Set a Page for Component Testing with Apache Wicket

Question

I am testing some components in my wicket 7 application.

My Component is nothing special but it inherits from

public PageAwarePanel extends Panel {
    @Override
    protected void onInitialize() {
        super.onInitialize();

        //refuse if used on page without PageConfig
        if (getPageConfigurationModel() == null){
            throw new RuntimeException("this component is only allowed inside pages having PageConfigurationModel");
        }
    }

    protected IModel<PageConfiguration> getPageConfigurationModel(){
        if (getPage() instanceof TemplatePage){
            return ((TemplatePage)getPage()).getPageConfigurationModel();
        }               
        return null;
    } 
}

With this I can access some configurations from a certain panel.

Now when I try in a test:

    PositionsPanel p = new PositionsPanel("123", asmNumber, Model.of());
    tester.startPage(MyPage.class);
    tester.startComponentInPage(p);

where MyPage is a TemplatePage.

I get the defined RuntimeException.

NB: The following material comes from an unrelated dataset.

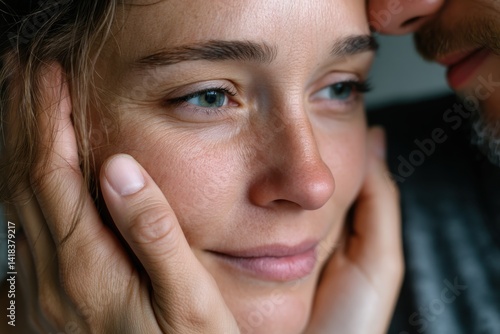 A tender close-up capture of a couple sharing an intimate moment, highlighting their affectionate gestures and the beauty of human connection and emotions in a soft-light setting.

My Question is:

How can I test this component with defining on which page it should be rendered?

Thanks for all the help in advanced.

Answer 1

tester.startPage(MyPage.class);
tester.startComponentInPage(p);

those two are not related. It is like navigating two different pages in the browser.

The best way is to create a page for the tests that fulfills the requirements, add the panel to this page and do tester.startPage(TestPage.class).

Another way is to override org.apache.wicket.util.tester.BaseWicketTester#createPage() and return an instance of MyPage. This way you can still use startComponentInPage() but otherwise it is basically the same as the first approach.